About two hours outside of Quito, make your way to the city of Mindo near the Chocó Andino de Pichincha Biosphere Reserve. There, you can experience this biodiversity hotspot while staying at the family run Las Terrazas de Dana. Sign up for locally guided tours of waterfalls, butterfly farms and artisanal chocolate farms.
Further into the reserve, the Mashpi Lodge is a sustainably designed haven in the heart of the rainforest. Floor-to-ceiling panoramic glass windows, combined with modern design and decor make it a luxurious haven in the middle of nature.
A trip to Ecuador wouldn’t be complete without a visit to the Galápagos Islands which are teeming with biodiversity. When on land, be sure to book a stay at the secluded and intimate Semilla Verde Boutique Hotel where guests can experience the wonders of all the flora and fauna the archipelago has to offer.
When you plan a trip to Ecuador, make sure you take food into account as well. Nuema is one of the most eco-friendly and innovative restaurants in Quito – if not all of Ecuador. The talented chef Chef Alejandro Chamorro, trained at Noma in Denmark, often known as the best restaurant in the world. Now, he works with local producers in Ecuador to promote the sustainability of farmers and to control the quality of their fresh, seasonal menu.
When traveling through the coastal city of Guayaquil, eating at Casa Julian inside Hotel del Parque should be a priority. The fine-dining menu offers the freshest seafood from local fishermen and showcases traditional Ecuadorian cuisine using mainly locally-sourced and -grown ingredients.

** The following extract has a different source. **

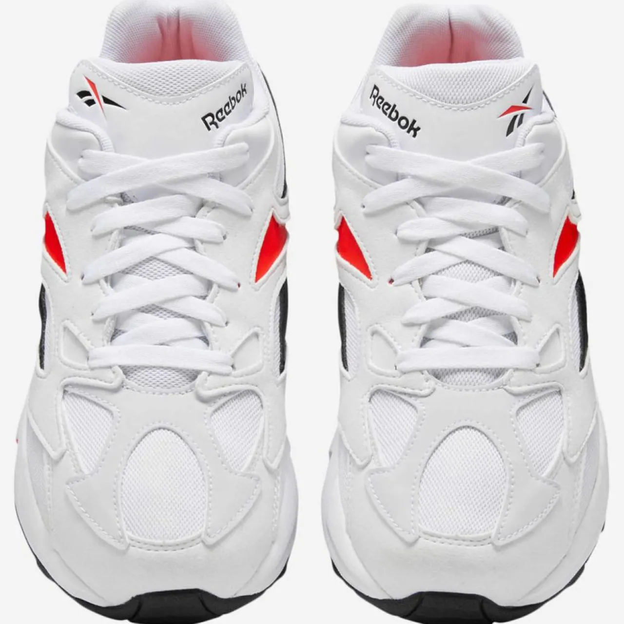 L’Aztrek 96 revisite la célèbre Aztrek dans un design plus géométrique avec encore plus d’empiècements. Composée d’un mélange de textile et de suède synthétique, cette chaussure affiche un style rétro authentique avec des courbes originales et un X à la pointe.

Make a stop at the Cotopaxi National Park then enjoy a meal in Machachi from Café de la Vaca, a locally owned and operated business that makes artisanal goods onsite, offers farm tours and Ecuadorian made handicrafts on the weekends.
In a country spotted with volcanoes, rolling hills, and lush green scenery at every turn, it’s the perfect setting for train travel. Tren Ecuador offers affordable and sustainable train rides that are ideal for budget travelers.
Rent bicycles from Wonderful Ecuador and cruise the Ruta de Cascadas (Route of the Waterfalls). Their highly-skilled local guides can take guests on a breathtaking tour through the Baños area of Ecuador, while explaining the importance of the environment and its connection to humanity.
Located just 17km north of Quito is Pululahua Geobotanical Reserve, the protected area around dormant Pululuhua Volcano. Visitors can camp, hike and mountain bike in the volcanic crater and along the dome. Look out for the wild orchids that grow due to the area’s unique microclimate.
Explore the Galápagos islands on one of the many boats that do their best to focus on sustainability. Some environmentally conscious tour operators are the family-run Quasar Expeditions, Peregrine Adventures, part of the carbon neutral Intrepid Group. Or try the award-winning catamaran Yacht Anahí. Built on a foundation of sustainability, this luxury vessel is one of the most efficient in all of the Galápagos National Park. They also have a carbon offset program that allocates funds to remove invasive flora and fauna from the islands.